Let's try using the entity extraction model and then filter those by the
selected keywords. That seems analogous to what the first place submission does.

In [6]:
from importlib import reload
import src.models.regex_model as rm
import src.data.kaggle_repository as kr

In [7]:
model = rm.RegexModel(config={})
repo = kr.KaggleRepository()
data = repo.get_training_data()

In [8]:
outputs = model.inference({}, data)

In [9]:
from functools import partial


keywords = [
    "Database", "Dataset", "Databases", "Datasets",
    "Data Set", "Data System", "Data Systems", "Data Sets", "Dataset System", "Dataset Systems",
    "Survey", "Surveys", "Study", "Studies",
]

def filter_labels_by_keywords(keywords:List[str], row:pd.DataFrame) -> str:
    preds = row["model_prediction"].strip().split("|")
    filtered = list(filter(lambda x: any(map(lambda y: y in x, keywords)), preds))
    labels = row["label"].strip().split("|")
    not_already_listed = list(filter(lambda x: x.lower() not in labels, filtered))

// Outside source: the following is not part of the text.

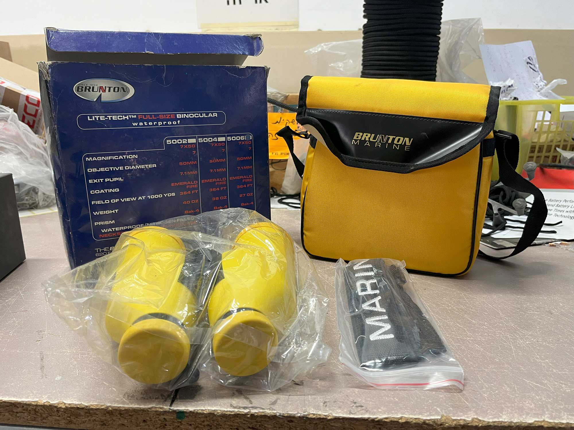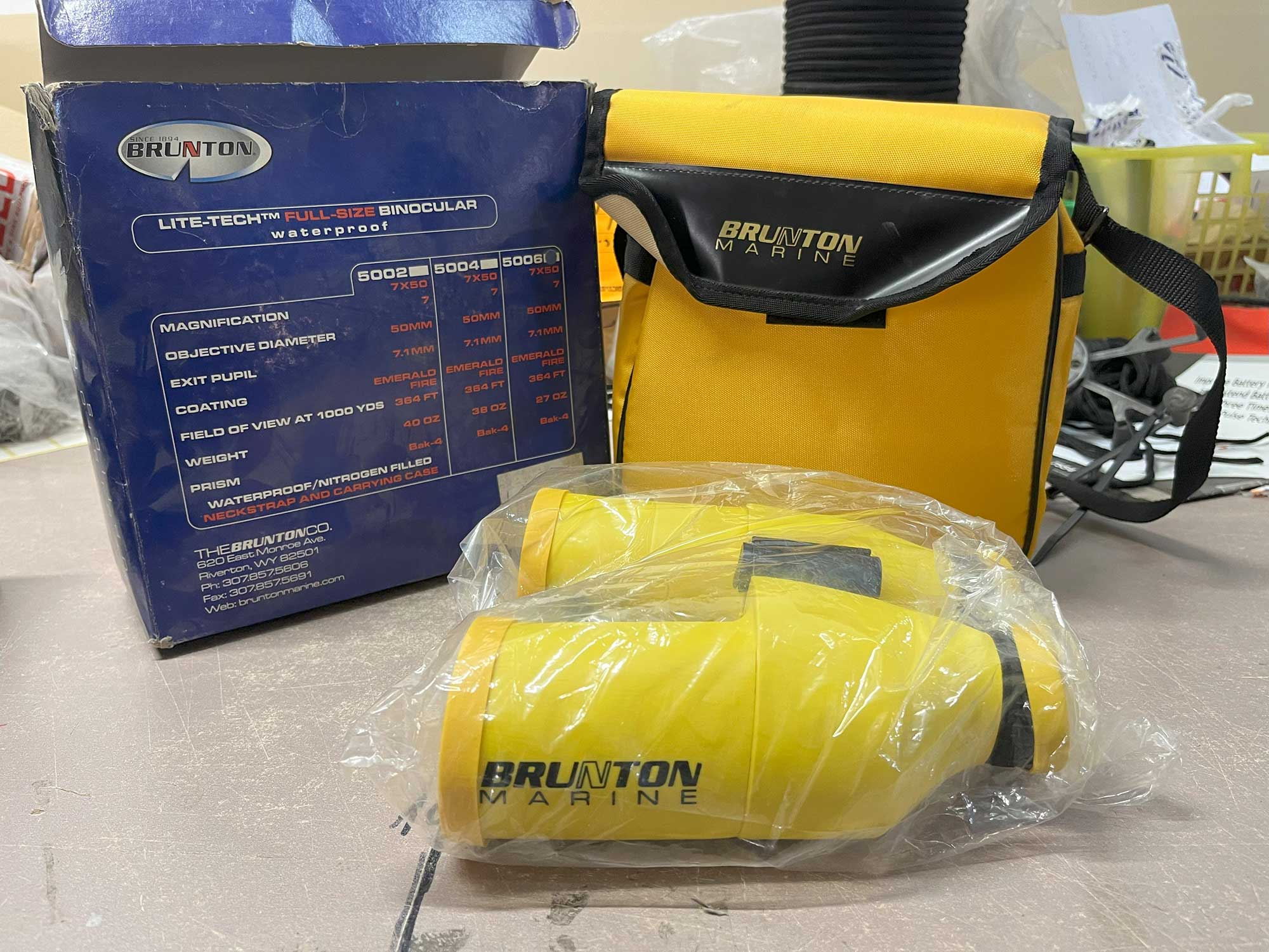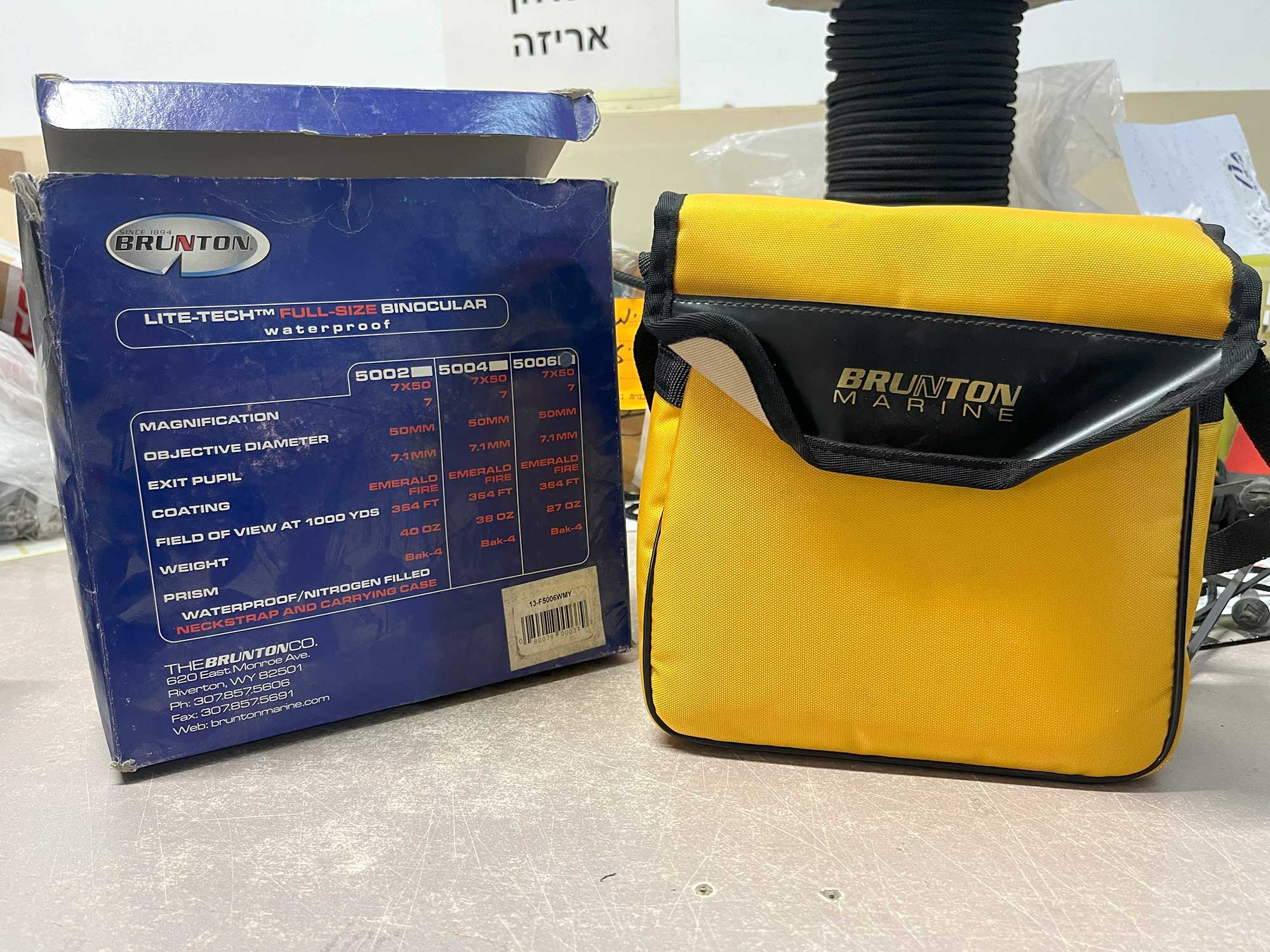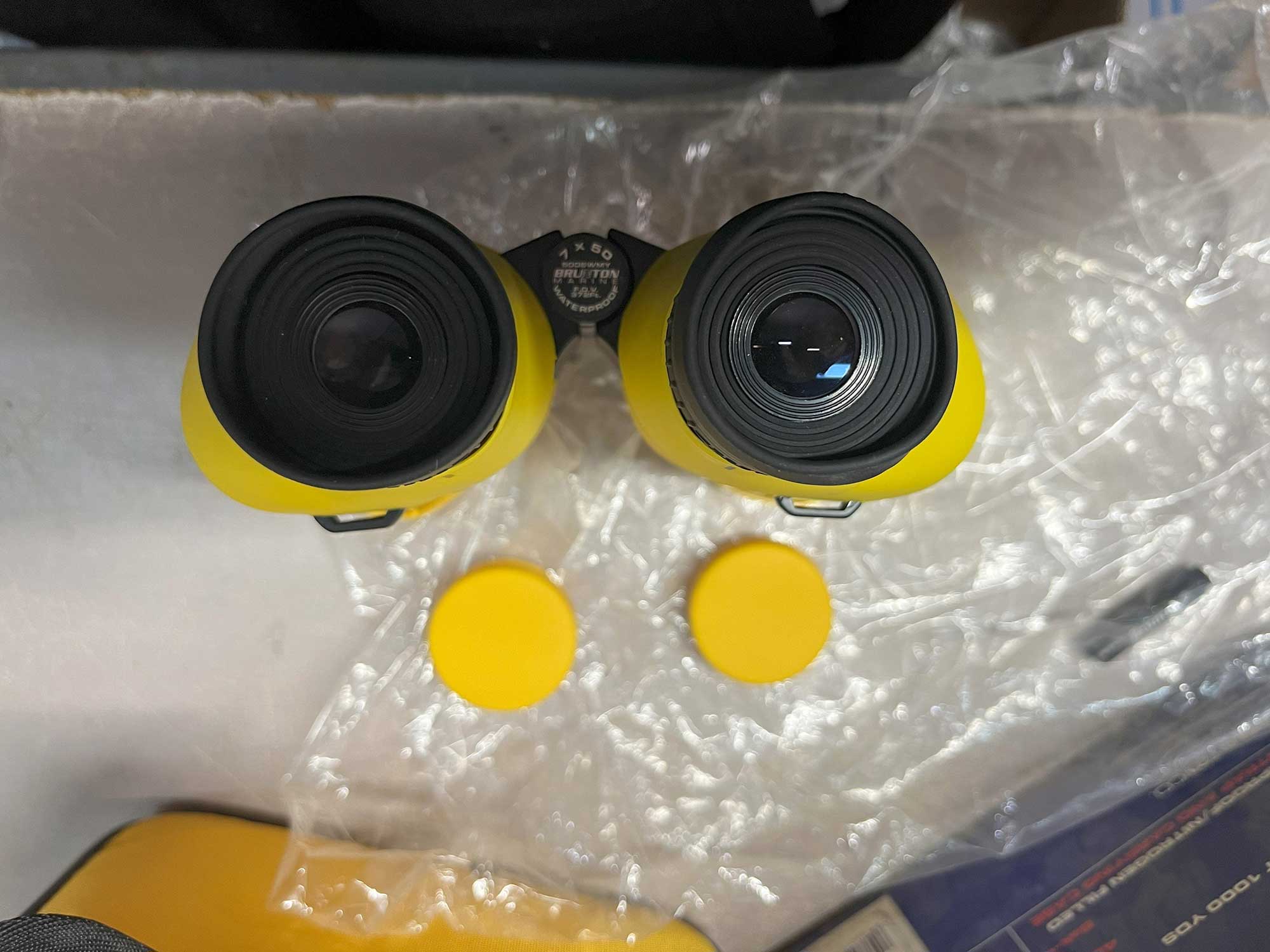 משקפת של חברת BTUNTON, חסינה ממים, מגיעה בקופסא חדשה עם הנילון, אליה מצורף תיק צהוב המאחסן את המשקפת עצמה ורצועה שמתחברת אליהץ

    return "|".join(not_already_listed) if len(not_already_listed) else ""

fitler_f = partial(filter_labels_by_keywords, keywords)
outputs["filtered"] = outputs.apply(fitler_f, axis=1)

Let's see what we caught that may have been missed by the original run 
through.

In [10]:
outputs.loc[:, ["id", "label", "filtered"]]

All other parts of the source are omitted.